▶ **TASK**:
Once you find the line with "云南大理洱海湖面上,星星點(diǎn)點", output it and every line after it exactly, through the last line of the listing, but no pictures.

▶ **RECORDED DATA**:

*** Begin section ***

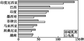8.下图是?000年世界濒危物种数量位居前列的部分国家的濒危哺乳动物、鸟类种数统计图擖/span>。读图完成下列问题。[来源:学|科|网]
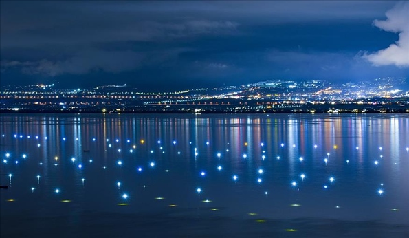 云南大理洱海湖面上,星星點(diǎn)點(diǎn)的漁燈點(diǎn)亮湖面,宛若繁星灑落,如夢(mèng)似幻。
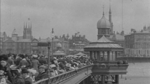 Edwardian holidaymakers throng to the attractions at Lancashire's premier seaside resort.

*** End section ***

▶ **EXERCISE OUTPUT**:
 云南大理洱海湖面上,星星點(diǎn)點(diǎn)的漁燈點(diǎn)亮湖面,宛若繁星灑落,如夢(mèng)似幻。
 Edwardian holidaymakers throng to the attractions at Lancashire's premier seaside resort.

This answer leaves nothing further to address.